• Work item: Copy every line of the data below exactly as given, except for the pictures.

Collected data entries
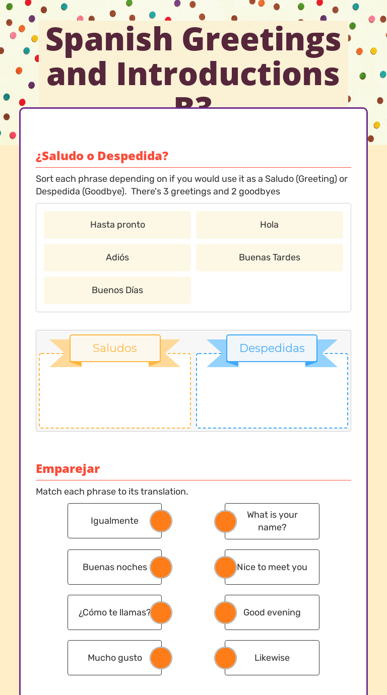 Spanish Greetings Worksheets Get these free Spanish greetings worksheets with their English meanings to help you learn how to greet a person at different times of the day. The most common greetings are hello and goodbye in English and in Spanish those are the two most used greetings (hola and adios). Spanish Introductions And Greetings Worksheet , Jobs EcityWorks Spanish Greetings Worksheet - Match The Spanish With The English spanish4teachers.org (elementary) practice greetings matching the English version with the Spanish one.
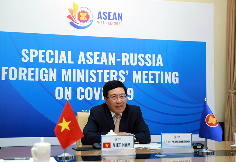 Trong bối cảnh đại dịch COVID-19 hiện nay, Phó Thủ tướng Phạm Bình Minh đề nghị các nước cần nâng cao trách nhiệm trong duy trì môi trường hoà bình, ổn định và an ninh và tuân thủ luật pháp quốc tế.
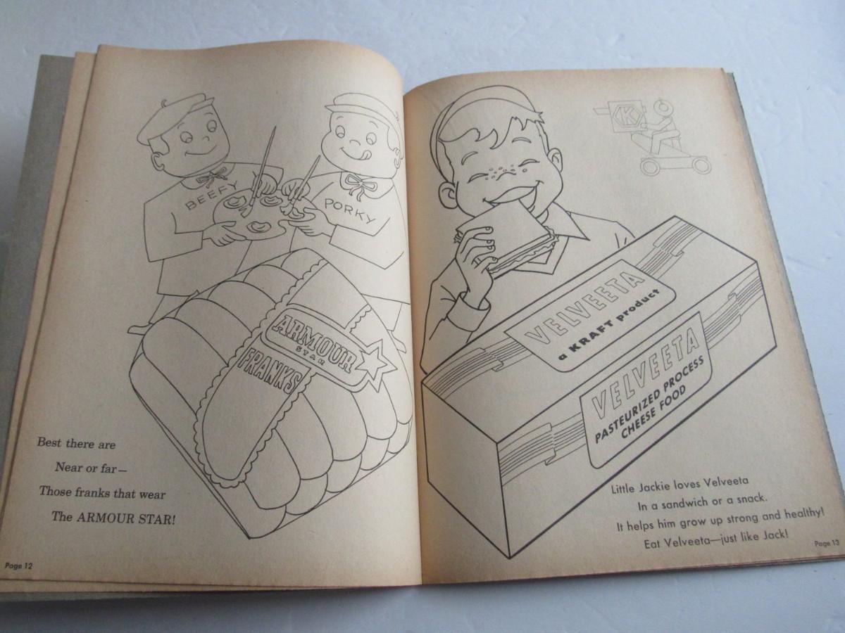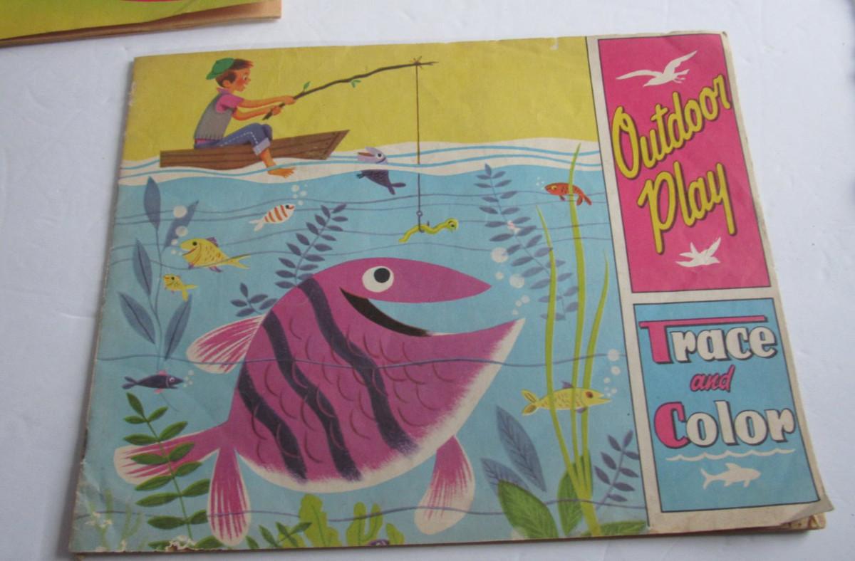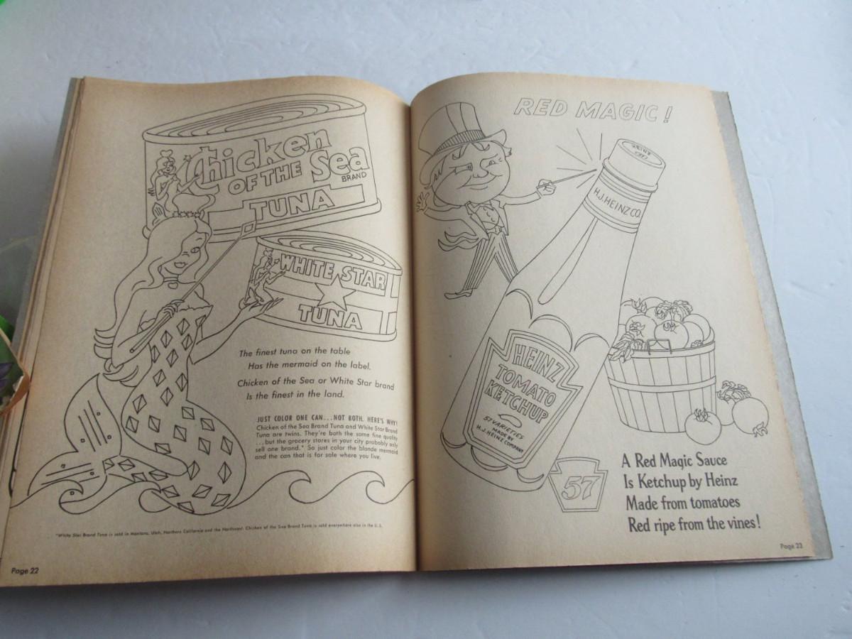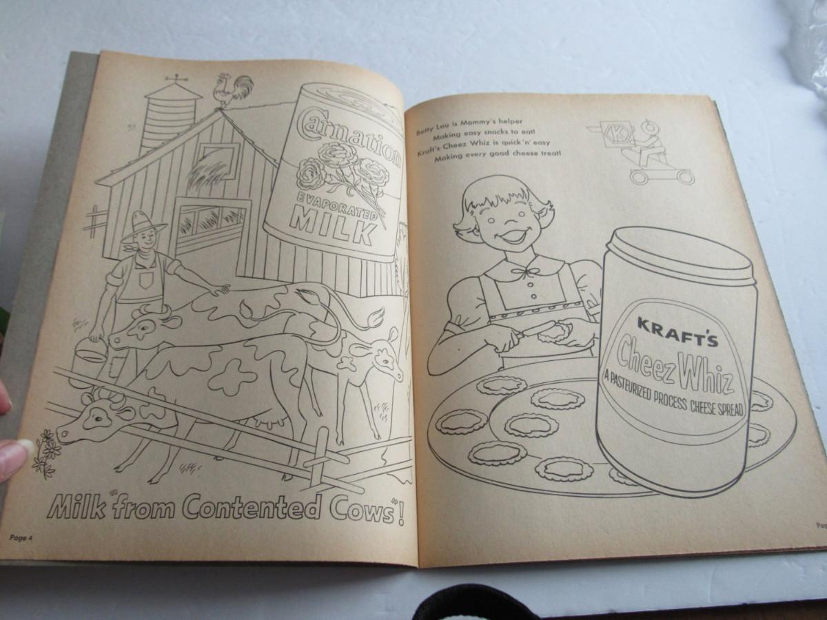 The Coloring contest book is so neat - it is a 1954 Sterns IGA Stores uncolored, near mint example. It has tons of advertising pages inside for Kraft, Hines, much more. Very nice! The tracing books have two or three pages colored in but rest are uncolored. Highlights book is newer. Shipping available at actual cost plus $5.00 per box handling fee. See our terms for details. All sales final.
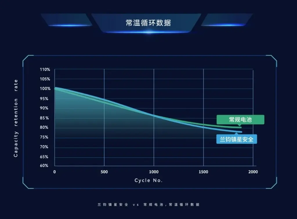 循环方面,兰钧新能源镇星安全电池与常规高镍三元电芯相比,循环容量保持率几乎没有差距,电池使用寿命不打折扣。
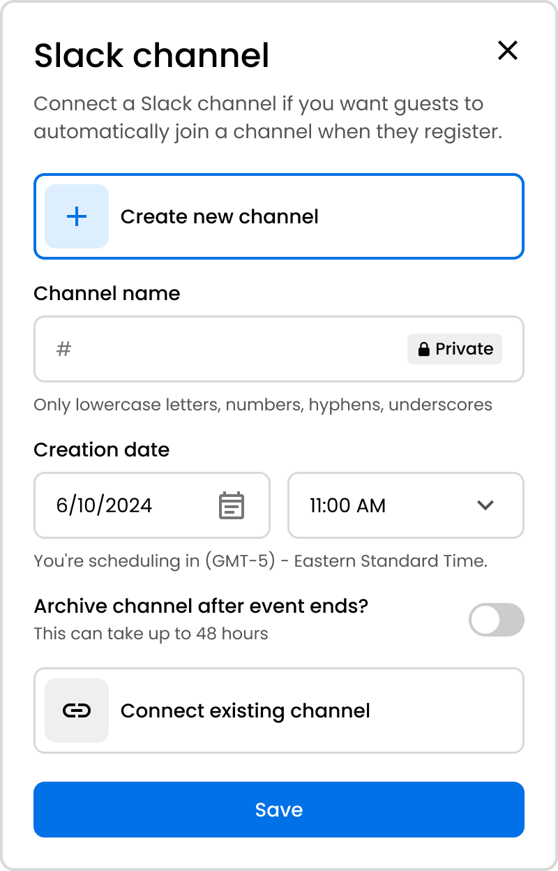 Many customers use event-specific Slack channels to facilitate discussions leading up to the event and use it as a place to share learnings or media after an event has ended.
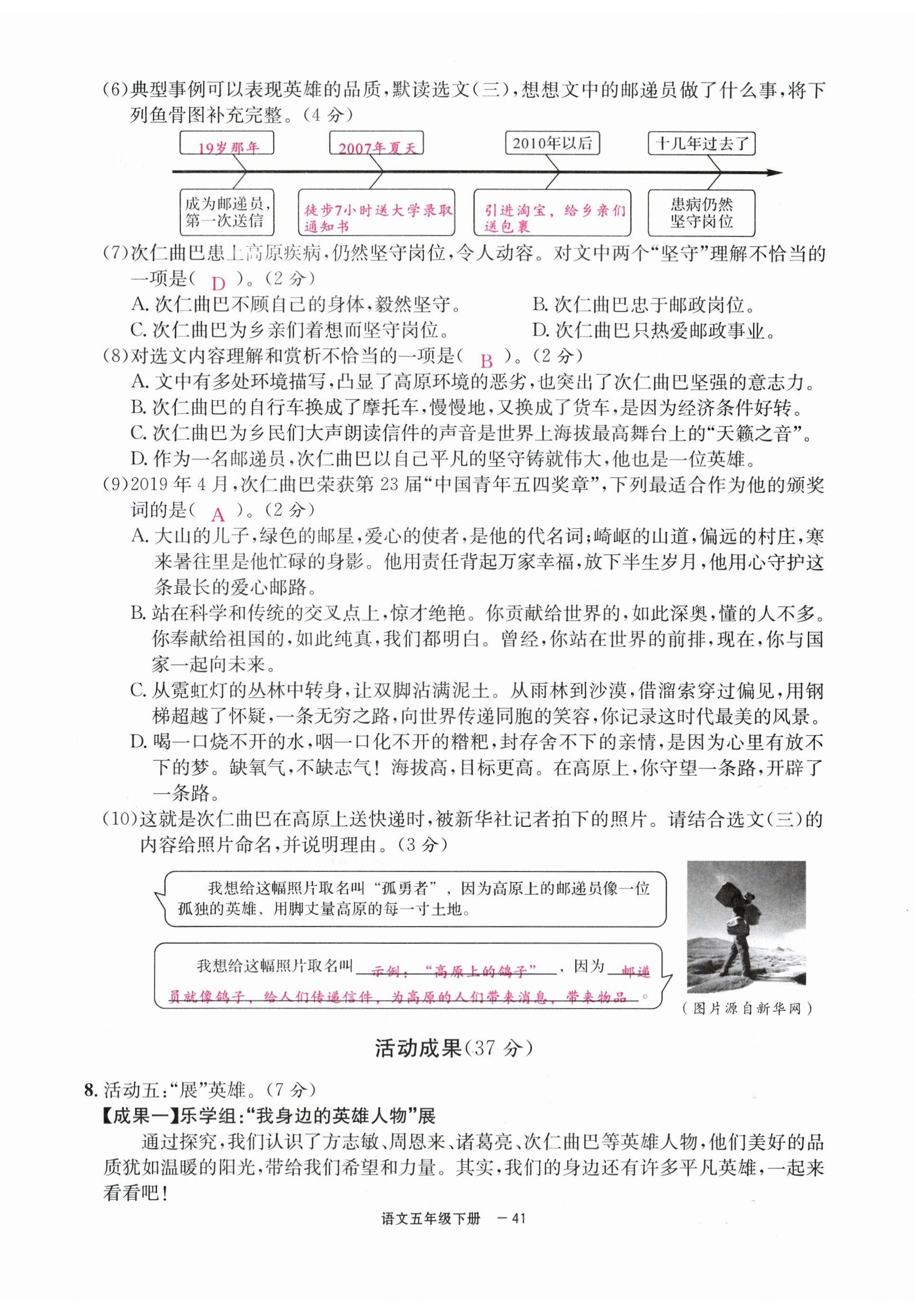注:目前有些书本章节名称可能整理的还不是很完善,但都是按照顺序排列的,请同学们按照顺序仔细查找。练习册 2024年浙江各地期末迎考卷五年级语文下册人教版 答案主要是用来给同学们做完题方便对答案用的,请勿直接抄袭。
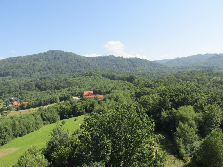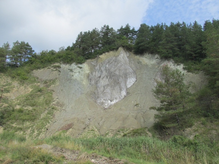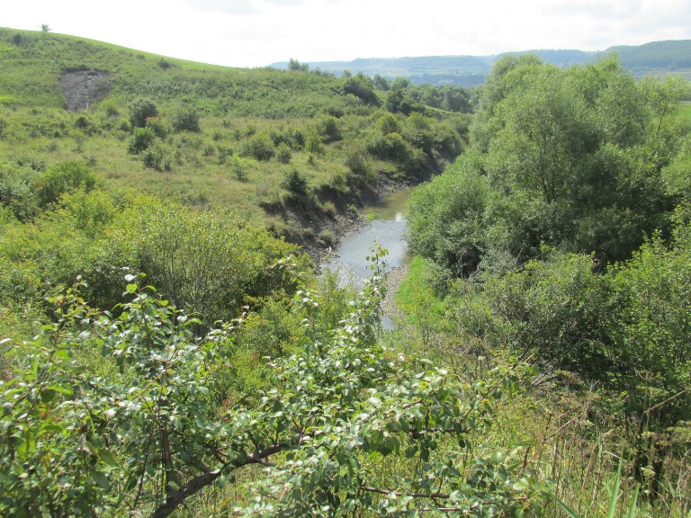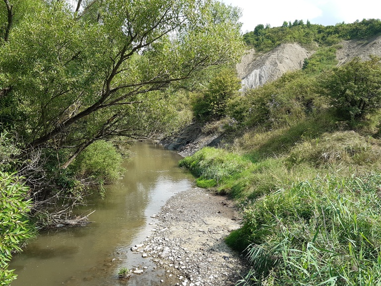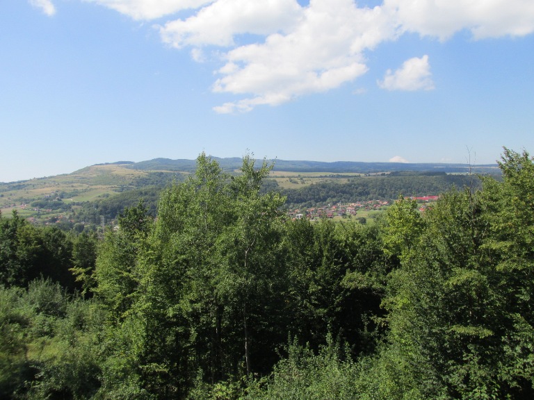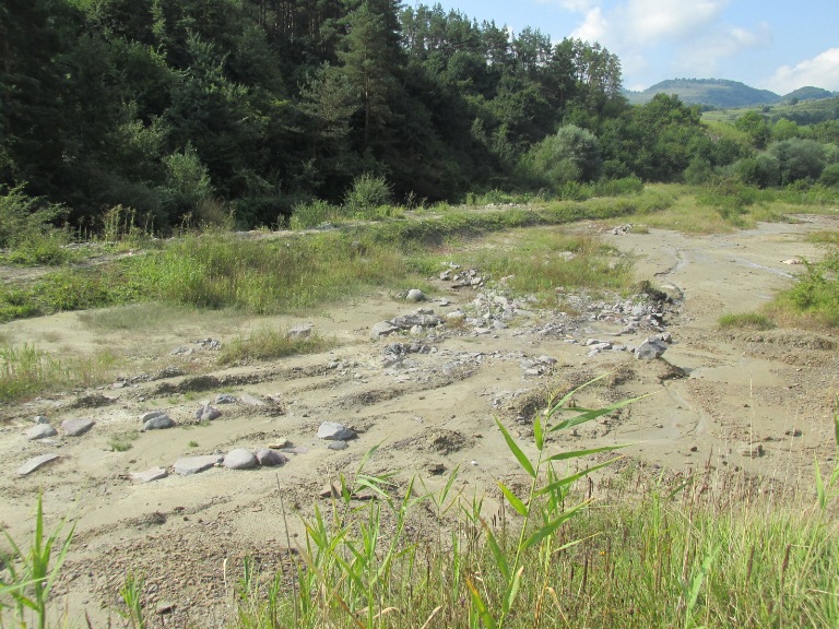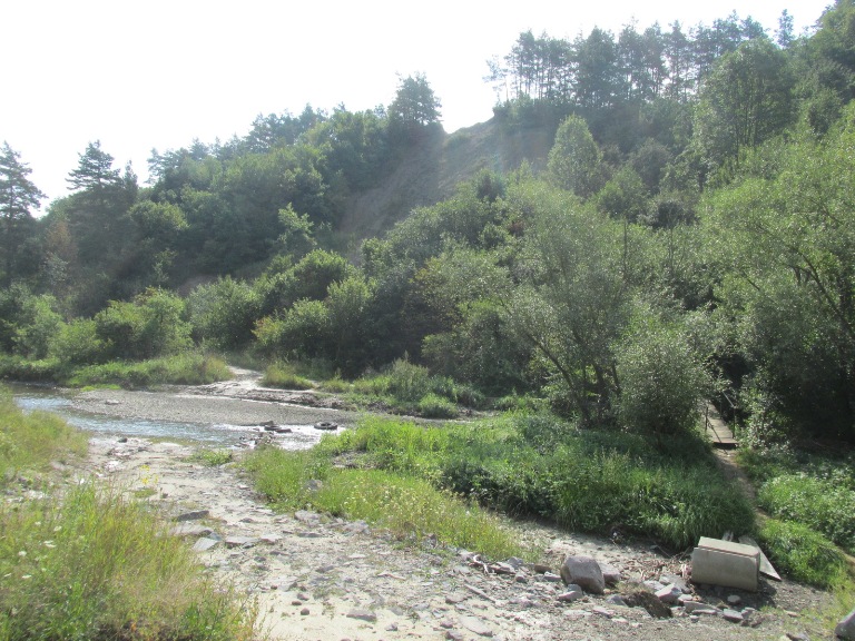 Pe cealaltă parte a pârâului se vedeau versanții de sare, acoperiți de verdeața pădurilor.
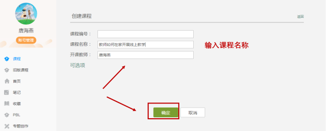 登录后,在页面右上角点击“创建课程”,在弹出的对话框输入课程名称,点击确定。

• Solution for this task:
 Spanish Greetings Worksheets Get these free Spanish greetings worksheets with their English meanings to help you learn how to greet a person at different times of the day. The most common greetings are hello and goodbye in English and in Spanish those are the two most used greetings (hola and adios). Spanish Introductions And Greetings Worksheet , Jobs EcityWorks Spanish Greetings Worksheet - Match The Spanish With The English spanish4teachers.org (elementary) practice greetings matching the English version with the Spanish one.
 Trong bối cảnh đại dịch COVID-19 hiện nay, Phó Thủ tướng Phạm Bình Minh đề nghị các nước cần nâng cao trách nhiệm trong duy trì môi trường hoà bình, ổn định và an ninh và tuân thủ luật pháp quốc tế.
 The Coloring contest book is so neat - it is a 1954 Sterns IGA Stores uncolored, near mint example. It has tons of advertising pages inside for Kraft, Hines, much more. Very nice! The tracing books have two or three pages colored in but rest are uncolored. Highlights book is newer. Shipping available at actual cost plus $5.00 per box handling fee. See our terms for details. All sales final.
 循环方面,兰钧新能源镇星安全电池与常规高镍三元电芯相比,循环容量保持率几乎没有差距,电池使用寿命不打折扣。
 Many customers use event-specific Slack channels to facilitate discussions leading up to the event and use it as a place to share learnings or media after an event has ended.
注:目前有些书本章节名称可能整理的还不是很完善,但都是按照顺序排列的,请同学们按照顺序仔细查找。练习册 2024年浙江各地期末迎考卷五年级语文下册人教版 答案主要是用来给同学们做完题方便对答案用的,请勿直接抄袭。
 Pe cealaltă parte a pârâului se vedeau versanții de sare, acoperiți de verdeața pădurilor.
 登录后,在页面右上角点击“创建课程”,在弹出的对话框输入课程名称,点击确定。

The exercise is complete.